Evidencia sobre peso y rendimiento, riesgos del REDs y cómo definir un límite saludable y sostenible para competir.

Por Ramon Curto · Actualizado el 5 de agosto de 2026

El peso corporal influye en el rendimiento de resistencia. Al correr hay que sostener y desplazar el cuerpo en cada zancada; al subir en bicicleta, la gravedad convierte la masa total en una parte importante de la resistencia. Pero el peso importa menos de lo que sugiere la industria del adelgazamiento y solo dentro de una franja saludable. La potencia, la economía de carrera, el historial de entrenamiento, el desnivel, el calor, el ritmo, el sueño, la nutrición y las lesiones pueden pesar más que una pequeña diferencia en la báscula.

La evidencia moderna cambia la pregunta útil. Ya no es «¿hasta dónde puedo bajar?», sino «¿qué peso puedo sostener mientras entreno bien, recupero, como suficiente y mantengo mi salud?». El consenso del Comité Olímpico Internacional de 2023 sobre la Deficiencia Energética Relativa en el Deporte —REDs— deja claro el límite: cuando la baja disponibilidad energética se vuelve problemática, intentar ser más ligero puede empeorar el rendimiento que se pretendía mejorar.

Esta tabla actualiza el ejercicio teórico del artículo original. Parte de un corredor totalmente hipotético de 70 kg capaz de hacer 3:30:00 y cambia solo la masa. Mantiene fijos el VO₂max, el entrenamiento, la potencia, la mecánica, el circuito, el tiempo y la nutrición. La columna temporal aplica una relación proporcional simple entre masa y coste para mostrar la dirección del efecto, inspirada en el experimento de carga añadida de Teunissen, Grabowski y Kram. No modeliza una pérdida de peso natural y no promete ningún resultado.
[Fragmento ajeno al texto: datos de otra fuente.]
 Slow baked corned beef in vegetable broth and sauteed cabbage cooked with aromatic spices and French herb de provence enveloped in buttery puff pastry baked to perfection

Peso corporal teóricoTiempo estimado en el modelo con VO₂max fijoDiferencia frente a 70 kg
64 kg3:12:00−18:00
66 kg3:18:00−12:00
68 kg3:24:00−6:00
70 kg3:30:00Referencia
72 kg3:36:00+6:00
74 kg3:42:00+12:00
76 kg3:48:00+18:00

Los deportistas reales no cambian una sola variable. Una masa menor puede llegar acompañada de menos músculo, menos glucógeno, peor recuperación o menor potencia absoluta; una masa mayor puede incluir músculo útil. Tampoco existe una relación perfectamente lineal entre coste metabólico y velocidad. Para una estimación basada en marcas reales, utiliza el predictor de tiempo de carrera, no esta tabla didáctica.
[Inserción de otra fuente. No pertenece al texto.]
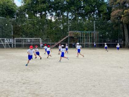 中庭や運動場の使い方を確認して,余った時間にはおにごっこもしました♪体操服にも上手に着替えられました!
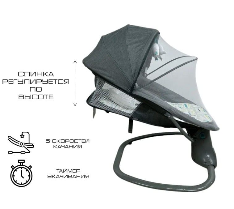 - Режимы укачивания: 5 скоростей для оптимального комфорта.
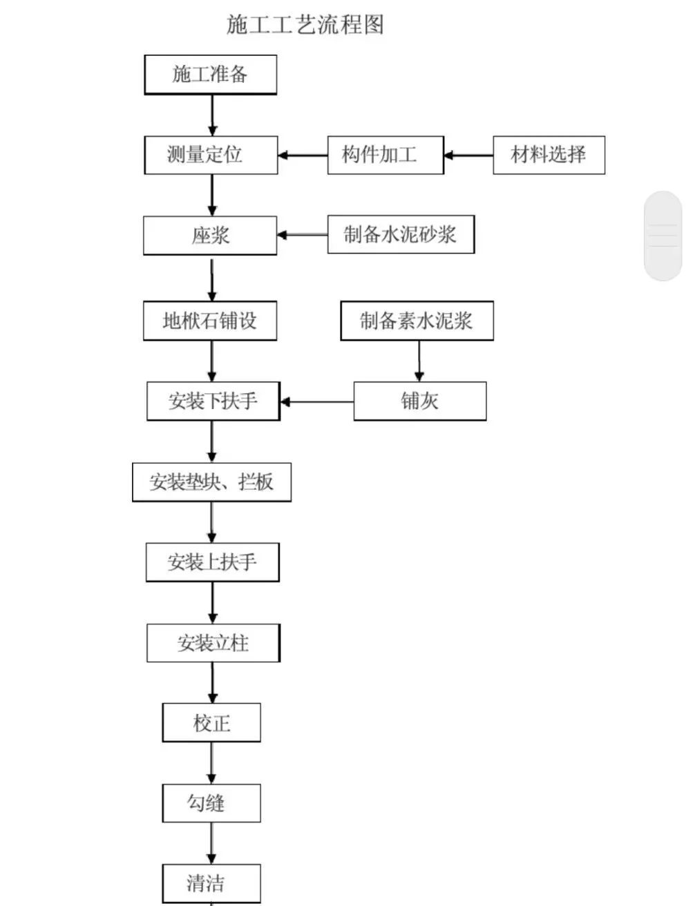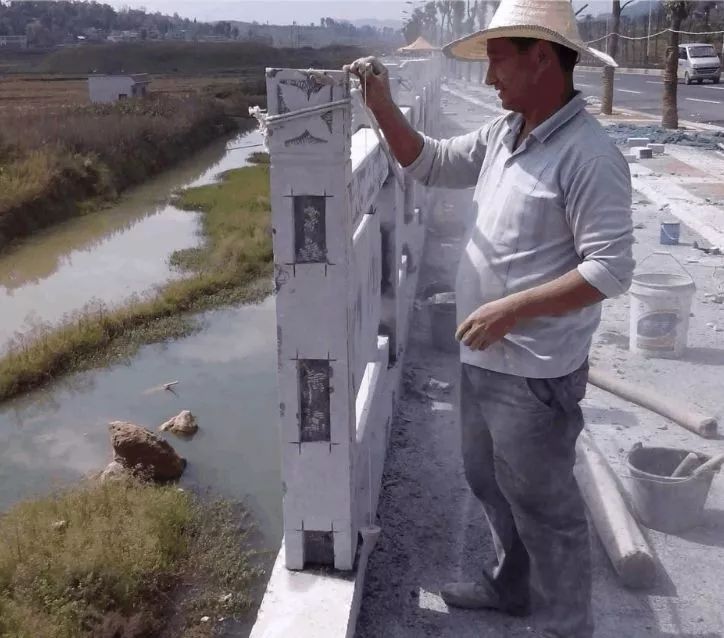 材料選擇→構件加工→安裝地袱石→安裝下扶手→安裝下墊塊→安裝攔板→安裝上墊塊→安裝上扶手→安裝立柱→勾縫→棱角打磨→清洗。

Esta guía prioriza investigación humana revisada por pares, revisiones sistemáticas y consensos clínicos, enlazados a PubMed, al texto completo o a la revista. La base histórica es el estudio de 2007 de The Journal of Experimental Biology que modificó por separado el peso y la masa de diez corredores recreativos. Añadir masa y peso elevó el coste metabólico neto algo más que en proporción; descargar peso lo redujo menos que en proporción. Un estudio de 2020 con cargas proximales moderadas aporta una prueba experimental más reciente, y la investigación moderna sobre antropometría y economía recuerda que intervienen varias dimensiones corporales, no una cifra aislada.
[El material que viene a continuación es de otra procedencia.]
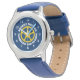 Custom kid's watch with yellow police sheriff star badge design. Personalized wrist watches for children. Unique Birthday gift idea for boys and girls. Create one for future cop, son, grandson, nephew, little brother, sibling, daughter, granddaughter, cousin, friend, child, grandchild, little or big sister etc. Fun law enforcement theme gifts for future officer, constable, security guard, deputy sheriff or secret agent. Also great as Christmas present for the Holidays. Includes blue color band. To protect and to serve. Great for cops and robbers games.
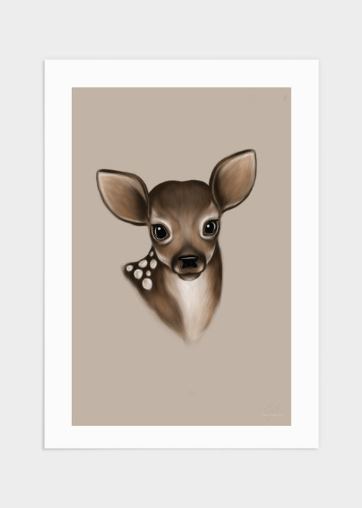 Supergulligt barnmotiv I jordnära färger. Sätt pricken över i:et i barnrummet med hjälp av denna tavla. Vi har även liknande motiv med en gira...

La fuente central de seguridad es el consenso IOC 2023 sobre REDs y su herramienta clínica de evaluación de gravedad y riesgo. Las fuentes se comprobaron el 2026-08-05. Existe una cautela decisiva que el artículo original ya señalaba: añadir lastre de forma artificial no equivale a cambiar naturalmente la composición corporal. Un cinturón introduce masa inerte de inmediato; un cambio corporal puede modificar también músculo, glucógeno, hormonas, biomecánica y capacidad de entrenar. Por eso, la evidencia de carga se traslada con mayor limpieza al material transportado en pruebas largas.

No hay experimentación en primera persona, testimonios de pérdida de peso ni prescripciones individuales. Los modelos se presentan como modelos; las asociaciones, como asociaciones; y el consenso clínico, como marco para reconocer riesgos y derivar a profesionales.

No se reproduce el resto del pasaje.